Your assignment: A faithful transcript of all the lines below, with no pictures, is the goal here.

*** Data section ***

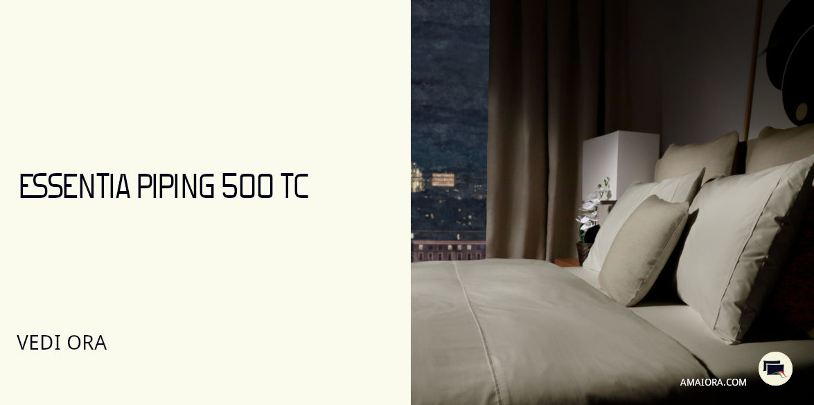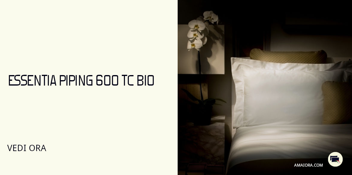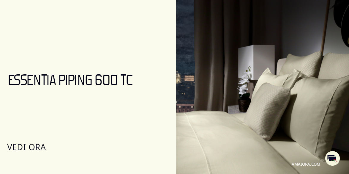 Il colore spiaggia è un beige caldo, quasi dorato. La lucentezza del raso, l’elevato numero di fili e il beige quasi dorato, rendono il modello Essentia Piping accogliente, elegante e di classe.
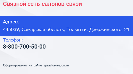 Связной, сеть салонов связи по адресу 445039, Самарская область, Тольятти, Дзержинского, 21 в дальнейшем Организация, размещена в следующих категориях:
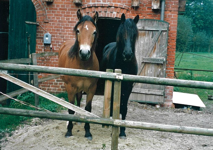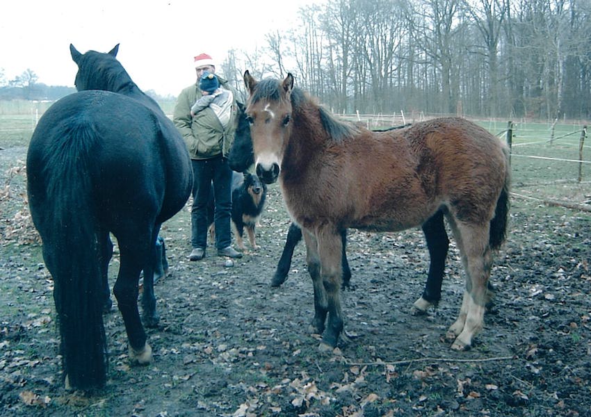 Jule gebar im Juni Freya, ich im Juli unseren Sohn Richard. Frieda, kam als Gesellschaftsfohlen dazu. Die Pferde stelle ich auf ihrer eigenen Seite genauer vor. Ich fing Stück für Stück an, das am Hund gelernte auf die Pferde umzusetzen. Katja und das Internet waren eine große Hilfe Neues auszuprobieren, zu lernen und sich auszutauschen. Meine Begeisterung für das Clickertraining wuchs mit jeder Trainingssession und als Katja mir sagte: „Also wenn du richtig gut werden willst, musst du zu Viviane Theby auf den Scheuerhof fahren und Hühnermodule mitmachen“, war die Entscheidung schnell gefällt. Mit dem Clickern an sich hatten sich schon Welten aufgetan, jetzt waren es Universen!
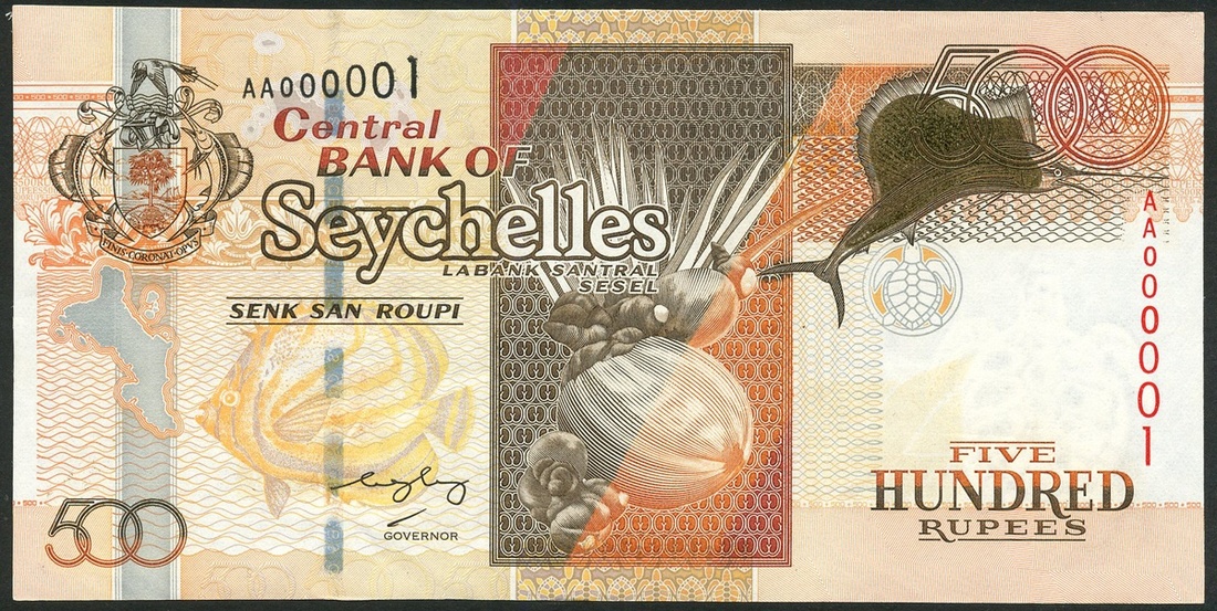 Central Bank of Seychelles, 500 rupees, ND (2005), serial number AA 000001, pink and brown, sailfish top right, arms top left, Chang-Leng signature

*** End of Data section ***

Output of the exercise:
 Il colore spiaggia è un beige caldo, quasi dorato. La lucentezza del raso, l’elevato numero di fili e il beige quasi dorato, rendono il modello Essentia Piping accogliente, elegante e di classe.
 Связной, сеть салонов связи по адресу 445039, Самарская область, Тольятти, Дзержинского, 21 в дальнейшем Организация, размещена в следующих категориях:
 Jule gebar im Juni Freya, ich im Juli unseren Sohn Richard. Frieda, kam als Gesellschaftsfohlen dazu. Die Pferde stelle ich auf ihrer eigenen Seite genauer vor. Ich fing Stück für Stück an, das am Hund gelernte auf die Pferde umzusetzen. Katja und das Internet waren eine große Hilfe Neues auszuprobieren, zu lernen und sich auszutauschen. Meine Begeisterung für das Clickertraining wuchs mit jeder Trainingssession und als Katja mir sagte: „Also wenn du richtig gut werden willst, musst du zu Viviane Theby auf den Scheuerhof fahren und Hühnermodule mitmachen“, war die Entscheidung schnell gefällt. Mit dem Clickern an sich hatten sich schon Welten aufgetan, jetzt waren es Universen!
 Central Bank of Seychelles, 500 rupees, ND (2005), serial number AA 000001, pink and brown, sailfish top right, arms top left, Chang-Leng signature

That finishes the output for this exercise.